Let's tie all of this logic together - the first three pages, the current and surrounding pages, the skip amount, the last three pages, and the ellipsis - and build out our final algorithm:

``````package main

import (
"fmt"
"strconv"
)

// getPages handles creating the formatted pagination string.
func getPages(curPage, totalPages int) string {
var result string

// Create a map that holds the previous
// and following two page numbers.
surroundingPages := map[int]bool{}
for i := curPage; i > 0; i-- {
// Break if we're at 2 entries added.
if curPage-i > 2 {
break
}

surroundingPages[i] = true
}

for i := curPage; i <= totalPages; i++ {
// Break if we're at 2 entries added.
if i-curPage > 2 {
break
}

surroundingPages[i] = true
}

// Create variable to store the last string
// type added, so we can add an ellipsis
// when needed.
var lastStringType string

// Start the loop.
for i := 1; i <= totalPages; i++ {
// If this is the first iteration.
if i == 1 {
result = "1"
lastStringType = "number"
continue
}

// Handle first three pages.
if i <= 3 {
result += "  " + strconv.Itoa(i)
lastStringType = "number"
continue
}

// Handle surrounding pages.
if surroundingPages[i] {
result += "  " + strconv.Itoa(i)
lastStringType = "number"
continue
}

// If the current iter is divisble by skip amount.
if i%10 == 0 {
result += "  " + strconv.Itoa(i)
lastStringType = "number"
continue
}

// If we're within 3 iterations of the last page.
if i+2 >= totalPages {
result += "  " + strconv.Itoa(i)
lastStringType = "number"
continue
}

// If we got here, we're 'ghosting' in between
// the pages or skip amounts, so let's se if we
// should output an ellipsis.
if lastStringType == "number" {
result += "  ..."
lastStringType = "ellipsis"
continue
}
}

return result
}

func main() {
pages := getPages(1, 37)
fmt.Println(pages)
}``````
https://play.golang.org/p/2Ej4yIiUZzG

Which should produce the final desired output, ellipsis, skip amounts and all:

``1  2  3  ...  10  ...  20  ...  30  ...  35  36  37``

Try changing the current page argument to 19, as in our first example, and let's see what we get:

``1  2  3  ...  10  ...  17  18  19  20  21  ...  30  ...  35  36  37``

Awesome!

If you want to signify the current page (i.e. make the number bold), then you can create a function that determines how to append the next page number (instead of just doing `result += ...`). This function can check if the current iteration value is equal to the current page, and if so, handle it however you like.

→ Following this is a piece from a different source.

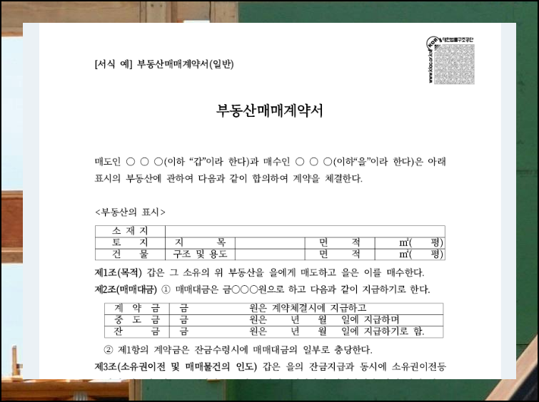 부동산 거래는 일생에 몇 번 경험하지 않는 큰 계약이라 실수하기 쉽습니다. 이런 불안함을 해소하려면 공식적으로 검증된 계약서 양식을 사용하는 것이 가장 확실한 방법이에요.

I hope this helps some of you reading, not only if you need a pagination algorithm that matches this sort of output, but also if you ever encounter a seemingly tough issue to try and think about different solutions. There's usually multiple paths to an answer, some better than others, and by taking a step back and considering other possibilities, you may just find the ideal one.